• DATA SECTION:
- Opening Delimiter -

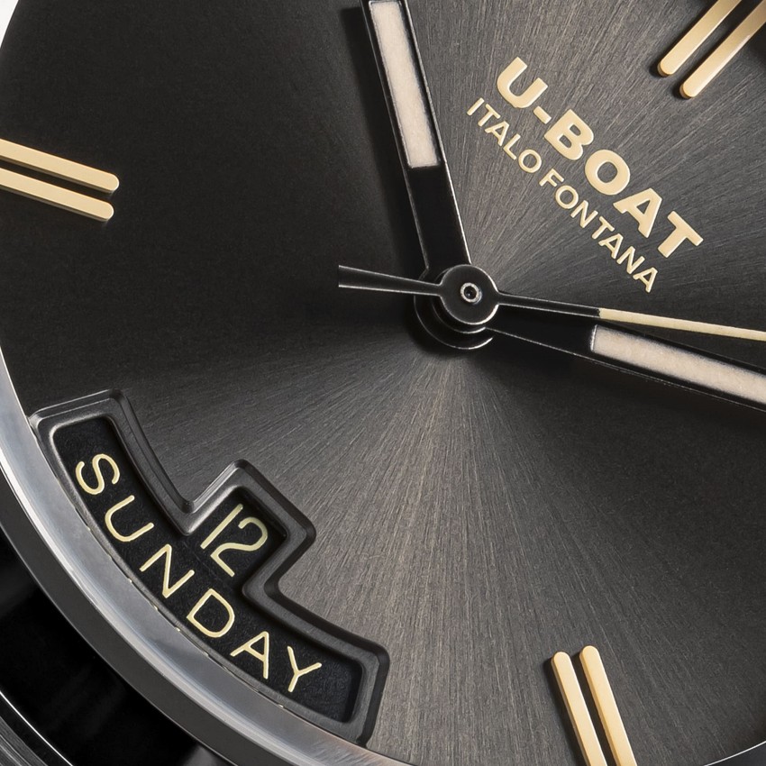 Charakterystyczna, widoczna po lewej stronie zakręcana obudowa korony osłania koronkę nastawczą, a koperta posiada wodoszczelność na poziomie 10 atmosfer, czyli 100 metrów w warunkach statycznych. Sercem zegarka jest szwajcarski mechanizm STP, spersonalizowany pod szczegółowe wytyczne U-BOAT. Oprócz komplikacji day-date oferuje 44-godzinną rezerwę chodu. Dzięki Super-LumiNovej na wskazówkach godzinowych, bez większego trudu odczytamy godzinę także w nocy.
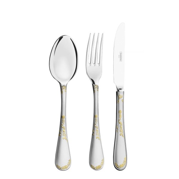O Faqueiro Renascença da Tramontina é uma verdadeira obra-prima, desenvolvido com detalhes em ouro 24K e acabamento em aço inox com contrastes de brilho e fosco. Suas peças trazem a harmonia perfeita entre funcionalidade e requinte, ideal para ocasiões especiais ou para compor um enxoval refinado.
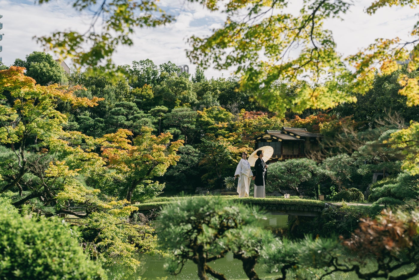 〈以下写真は、フォトグラファーTaiheiによるウェディングフォト例(上3点は相楽園にて)〉
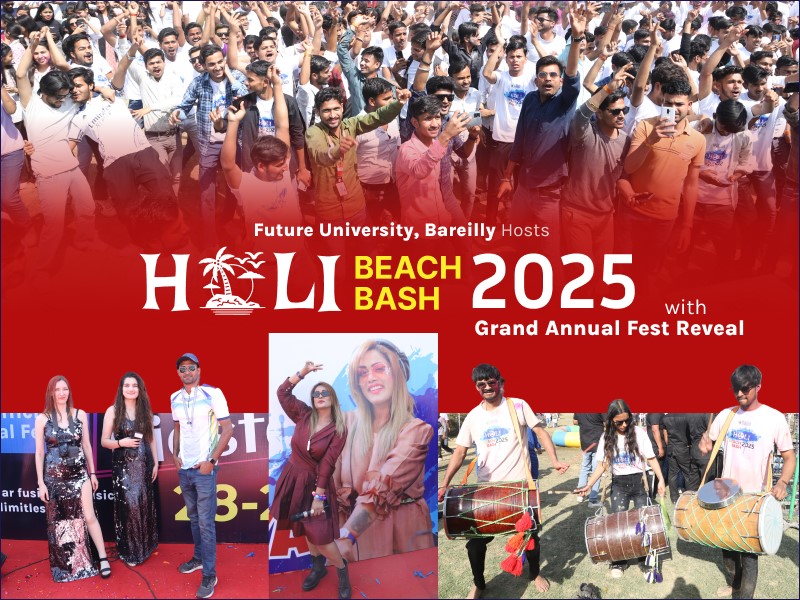 Bareilly, March 18, 2025 – Future University, India’s First AI-Enabled New Age Innovative University, recently set the stage for an unforgettable celebration with Holi Beach Bash 2025. Held at the university’s picturesque Golf Course, the Goa-themed Holi celebration brought together students, faculty, and staff for a day filled with colors, music, and festive cheer. The event reinforced Future University’s vision of providing students with a holistic and immersive campus experience, aligning perfectly with the National Education Policy (NEP) 2020.
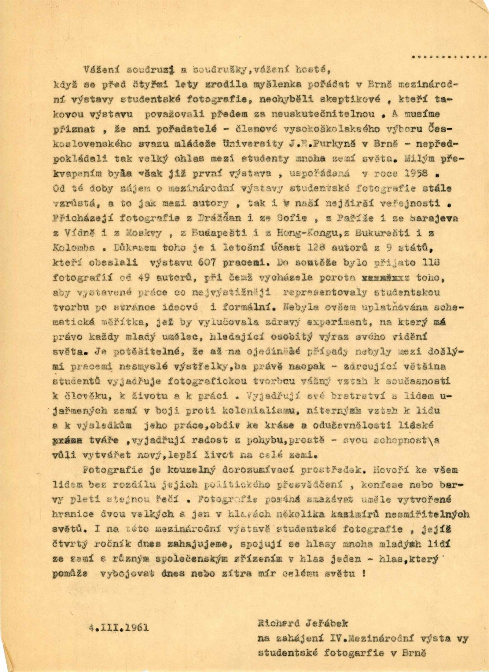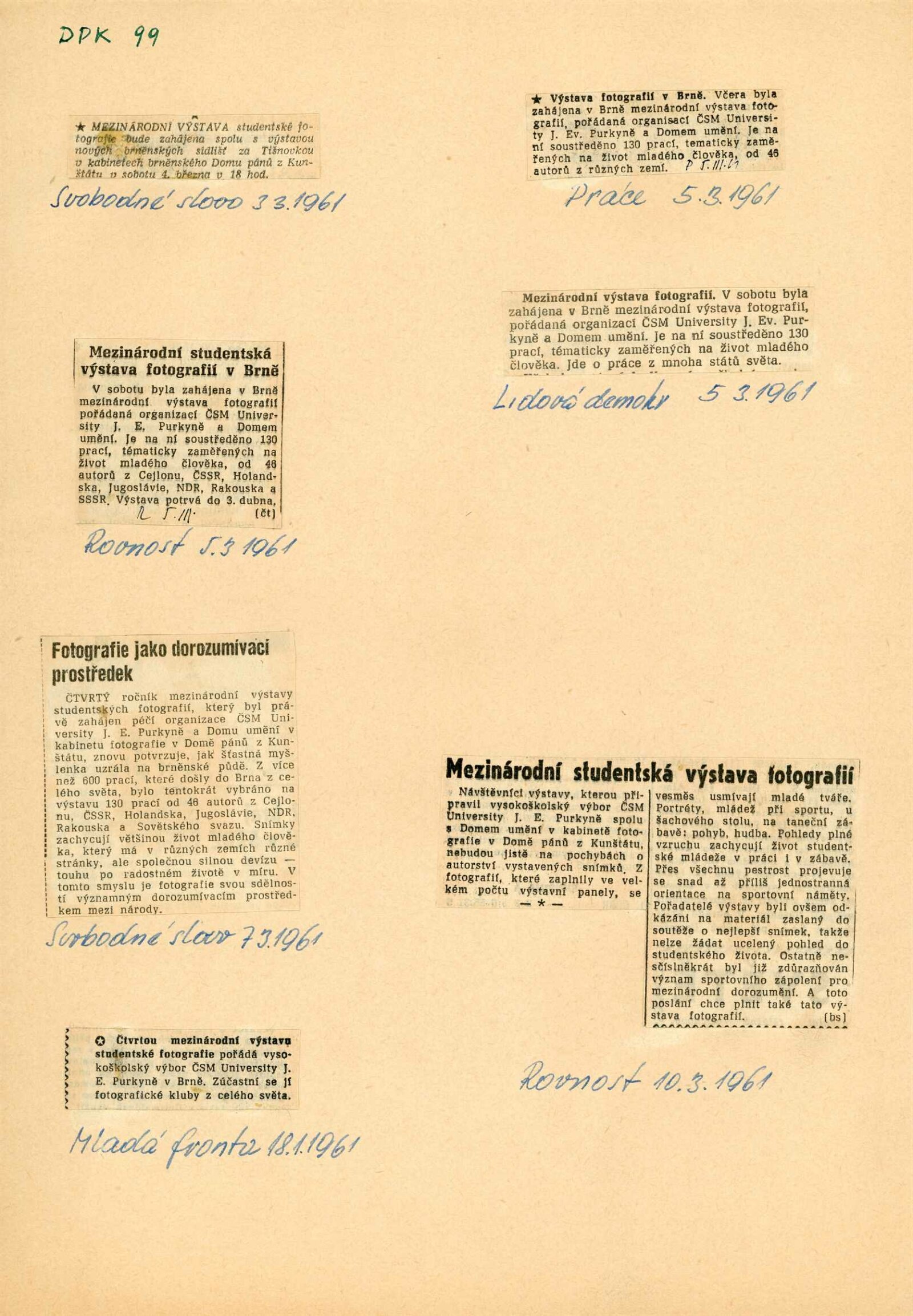 IV. mezinárodní studentská výstava fotografie: Dům umění města Brna / Dům pánů z Kunštátu, 21. výstava Kabinetu fotografie Jaromíra Funka, 4. 3. – 4. 4. 1961 / B. m. n. r. – skládačka, 6 s., DPK 99
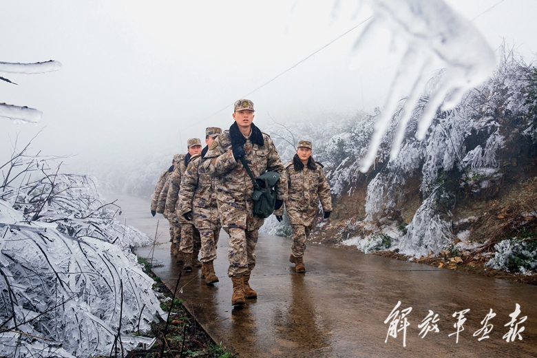 2月28日,空軍航空兵某旅通信連上等兵鄭文杰(前一)最后一次與戰(zhàn)友巡查通信線路。(攝影/黃國泰)
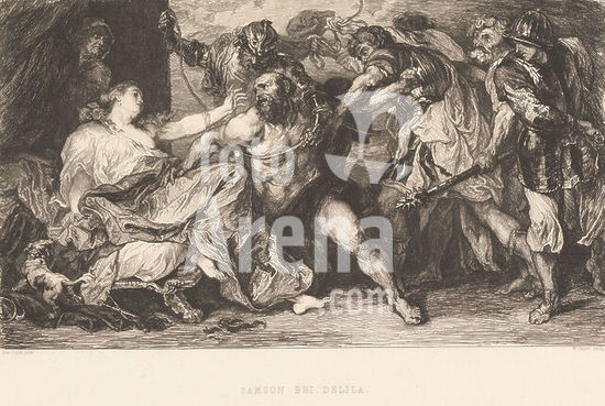 alb15914850 Samson and Delilah, Samson and Delilah (title on object), print maker: William Unger, after painting by: Anthony van Dyck, printer: A. Pisani, Vienna, 1861 - 1889, paper, etching, height 307 mm × width 430 mm, print.
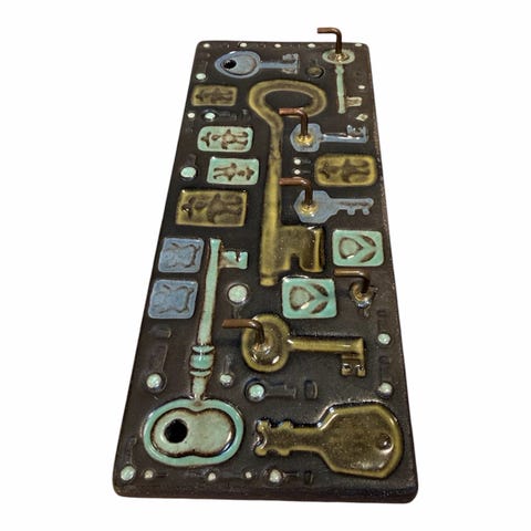 Søgeord: kunsthåndværk, vægdekoration, stentøj, kunst, dansk design, joska, petroleum, gul, brutalisme, kubisme, kunstværk
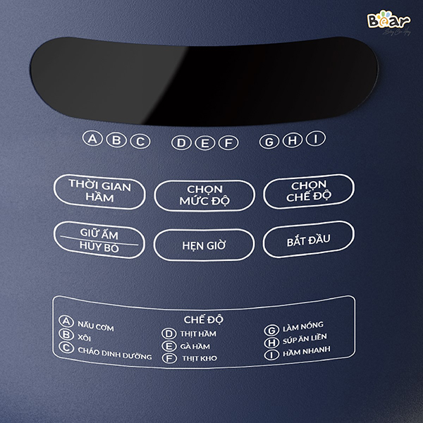 Bảng điều khiển của nồi áp suất điện đa năng Bear YLB-A50M1 hoàn toàn bằng tiếng Việt, giúp bạn có thể dễ dàng sử dụng mà không gặp khó khăn. Với chỉ dẫn kỹ càng được in ngay trên thân máy, bạn chỉ đơn giản là bấm nút, chọn chế độ cần dùng là đợi, món ăn thơm ngon sẽ hoàn thành nhanh chóng khiến bạn hài lòng.

- Closing Delimiter -

• TASK DIRECTIONS: Could you restate the material word for word, skipping any pictures it holds?

• YOUR RESPONSE:
 Charakterystyczna, widoczna po lewej stronie zakręcana obudowa korony osłania koronkę nastawczą, a koperta posiada wodoszczelność na poziomie 10 atmosfer, czyli 100 metrów w warunkach statycznych. Sercem zegarka jest szwajcarski mechanizm STP, spersonalizowany pod szczegółowe wytyczne U-BOAT. Oprócz komplikacji day-date oferuje 44-godzinną rezerwę chodu. Dzięki Super-LumiNovej na wskazówkach godzinowych, bez większego trudu odczytamy godzinę także w nocy.
O Faqueiro Renascença da Tramontina é uma verdadeira obra-prima, desenvolvido com detalhes em ouro 24K e acabamento em aço inox com contrastes de brilho e fosco. Suas peças trazem a harmonia perfeita entre funcionalidade e requinte, ideal para ocasiões especiais ou para compor um enxoval refinado.
 〈以下写真は、フォトグラファーTaiheiによるウェディングフォト例(上3点は相楽園にて)〉
 Bareilly, March 18, 2025 – Future University, India’s First AI-Enabled New Age Innovative University, recently set the stage for an unforgettable celebration with Holi Beach Bash 2025. Held at the university’s picturesque Golf Course, the Goa-themed Holi celebration brought together students, faculty, and staff for a day filled with colors, music, and festive cheer. The event reinforced Future University’s vision of providing students with a holistic and immersive campus experience, aligning perfectly with the National Education Policy (NEP) 2020.
 IV. mezinárodní studentská výstava fotografie: Dům umění města Brna / Dům pánů z Kunštátu, 21. výstava Kabinetu fotografie Jaromíra Funka, 4. 3. – 4. 4. 1961 / B. m. n. r. – skládačka, 6 s., DPK 99
 2月28日,空軍航空兵某旅通信連上等兵鄭文杰(前一)最后一次與戰(zhàn)友巡查通信線路。(攝影/黃國泰)
 alb15914850 Samson and Delilah, Samson and Delilah (title on object), print maker: William Unger, after painting by: Anthony van Dyck, printer: A. Pisani, Vienna, 1861 - 1889, paper, etching, height 307 mm × width 430 mm, print.
 Søgeord: kunsthåndværk, vægdekoration, stentøj, kunst, dansk design, joska, petroleum, gul, brutalisme, kubisme, kunstværk
 Bảng điều khiển của nồi áp suất điện đa năng Bear YLB-A50M1 hoàn toàn bằng tiếng Việt, giúp bạn có thể dễ dàng sử dụng mà không gặp khó khăn. Với chỉ dẫn kỹ càng được in ngay trên thân máy, bạn chỉ đơn giản là bấm nút, chọn chế độ cần dùng là đợi, món ăn thơm ngon sẽ hoàn thành nhanh chóng khiến bạn hài lòng.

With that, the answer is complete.